Toddler

      The top iron rich foods for your toddler

      Tasty ways to serve up more iron, morning, noon and night!

      To help you include a healthy serving of iron in your toddler’s diet, here’s a list of some of the top iron rich, toddler-friendly foods:

      • Chicken liver
        One of the richest sources of iron, perfect in a stir fry – just make sure it’s well cooked. Because of its high vitamin A content, it’s best to serve chicken liver no more than once a week. 

      • Red meat (e.g. beef, lamb)
        Lean red meat provides iron in its most easily absorbable form, whether it’s as grilled lamb chops, minced beef bolognese or a tasty Sunday roast. Just be sure to cook it thoroughly – if it’s still pink, it needs longer. 

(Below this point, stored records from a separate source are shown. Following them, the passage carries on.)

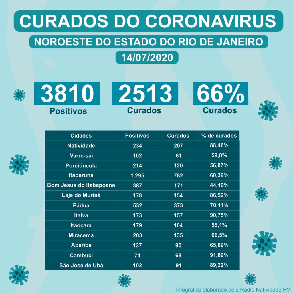 Na região, segundo dados consolidados até a noite desta última terça-feira (14), eram 3.810 pacientes contaminados, 2.513 destes já curados, ou seja, 66%. Na liderança está Cambuci, com 91,89%, seguida de Italva com 90,75% e São José de Ubá com 89,22%. Natividade ocupa a 4ª posição, com 88,46%, enquanto que o pior índice pertence a Porciúncula, 56,07%, que está abaixo da média. Veja a situação de cada município:
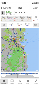 Close-up location (The blue line shows where we walked) (Click button below to download GPX of today’s walk as recorded, or see interactive map at bottom with elevations corrected): Glen of The Downs DWC recce |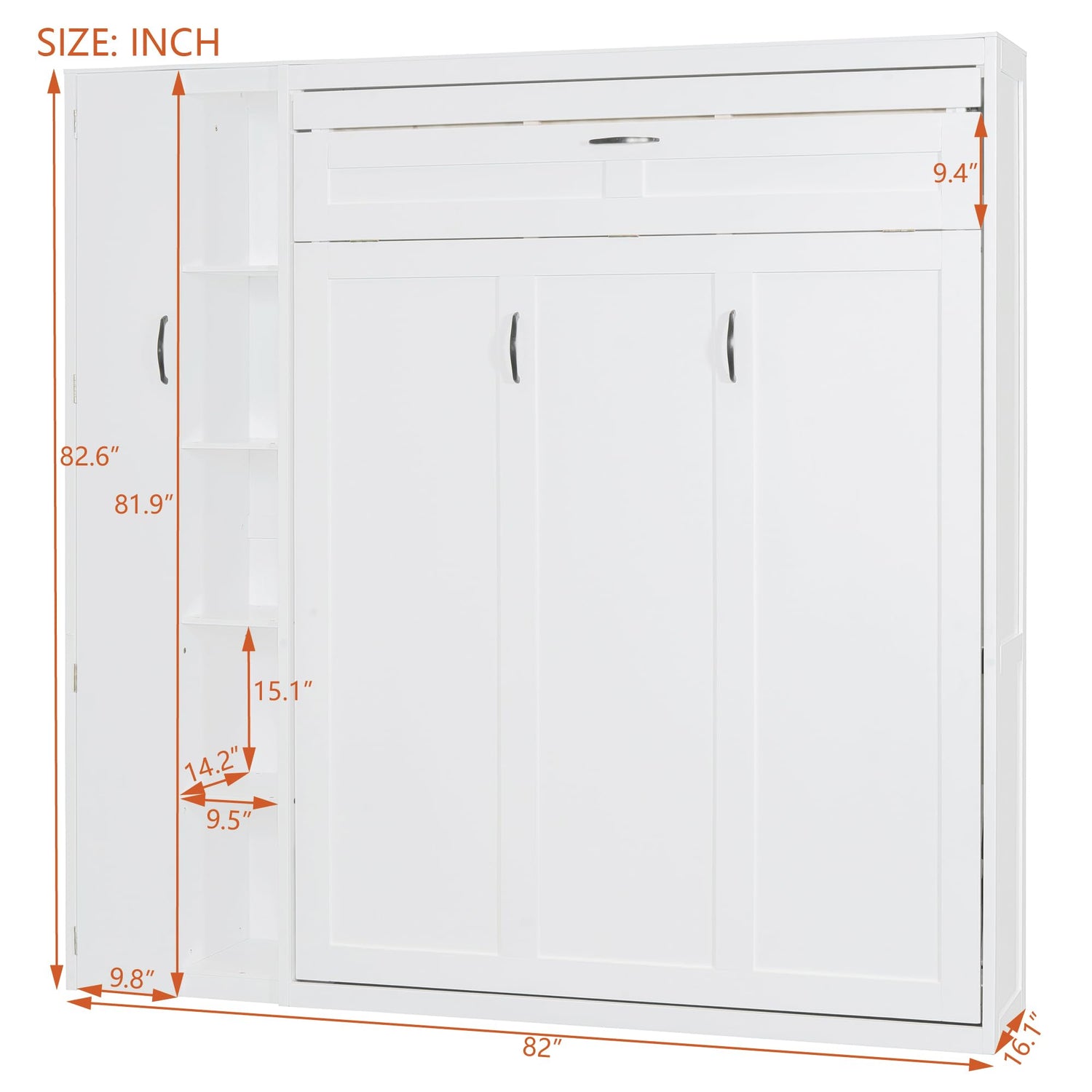 - 5. Dimensions & Easy Assembly: Full Size Murphy Bed features 82"L x 16.1"W x 82.6"H, Mattress is not included, Recommended mattress thickness is 8"-10", Partial Assembly is required, All the necessary parts, tools, and instructions are included in the package. Follow the instructions step by step, If you have any questions during the installation process, please contact us in time. Also Please NOTE: The Set will come in 2 boxes, they may not be delivered at the same time.

      • Oily fish (e.g. sardines, salmon)
        Plenty of iron along with Omega 3 fatty acids for a healthy heart make oily fish a nutrient packed choice for lunch or dinner!

      • Eggs
        Poached, boiled, scrambled or made into egg mayo for sandwiches – every way is an iron-rich winner! 

      • Lentils
        Another versatile source of iron. Perfect as a nutritious, delicious base for soups and stews. 
      • Dark green leafy vegetables (e.g. spinach, broccoli)
        For maximum nutrients, steam your veg instead of boiling. 

      • Cow & Gate breakfast cereal
        Fortified with 1/3 of your toddler’s daily key vitamins and minerals, including iron, and with no added salt or sugar.

      • Wholemeal bread
        With B vitamins, vitamin E, fibre and iron, wholemeal bread is a tasty choice to have within the overall diet. Serving up small amounts now will help develop healthy habits for later in life.

      • Dried fruit
        The ultimate no-mess, sweet treat for when you’re out and about. The vitamin C it contains helps with iron absorption.

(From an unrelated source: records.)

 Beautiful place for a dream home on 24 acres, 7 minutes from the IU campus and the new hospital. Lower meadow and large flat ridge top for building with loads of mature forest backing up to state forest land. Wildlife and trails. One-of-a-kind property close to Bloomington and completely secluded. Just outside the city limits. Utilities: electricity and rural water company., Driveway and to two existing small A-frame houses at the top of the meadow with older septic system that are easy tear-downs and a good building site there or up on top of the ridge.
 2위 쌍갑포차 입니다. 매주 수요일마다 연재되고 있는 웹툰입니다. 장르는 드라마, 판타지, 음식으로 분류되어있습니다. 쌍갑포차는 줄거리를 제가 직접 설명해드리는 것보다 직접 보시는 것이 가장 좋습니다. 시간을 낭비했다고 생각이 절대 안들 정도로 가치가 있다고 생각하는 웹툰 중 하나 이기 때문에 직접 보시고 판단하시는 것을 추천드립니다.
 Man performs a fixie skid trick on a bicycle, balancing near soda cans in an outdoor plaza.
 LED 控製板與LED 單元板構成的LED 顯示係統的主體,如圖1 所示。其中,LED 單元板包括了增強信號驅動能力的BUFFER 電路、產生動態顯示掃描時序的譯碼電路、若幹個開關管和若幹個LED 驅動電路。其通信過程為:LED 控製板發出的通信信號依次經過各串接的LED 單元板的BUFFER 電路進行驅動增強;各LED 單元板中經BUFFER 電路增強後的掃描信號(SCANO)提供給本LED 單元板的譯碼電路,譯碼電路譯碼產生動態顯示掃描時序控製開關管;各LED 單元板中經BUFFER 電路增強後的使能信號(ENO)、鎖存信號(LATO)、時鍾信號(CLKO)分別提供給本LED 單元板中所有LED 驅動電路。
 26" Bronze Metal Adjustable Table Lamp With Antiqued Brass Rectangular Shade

      Vitamin C can help too

      Another way to increase your toddler’s iron intake is by giving vitamin C at the same time, as this helps the body absorb iron. So it’s a good idea to occasionally give your toddler a beaker of diluted orange juice with their food. Or try getting more vitamin C in their diet by using tomatoes or peppers in their meals or by serving up delicious kiwi fruit or juicy strawberries for dessert.

      Any more questions?

      Our specialist baby advisors and experienced mums are here to talk and ready to help whenever you need them. You can call us 24/7, or we are available on Live Chat 8am-8pm Monday-Friday.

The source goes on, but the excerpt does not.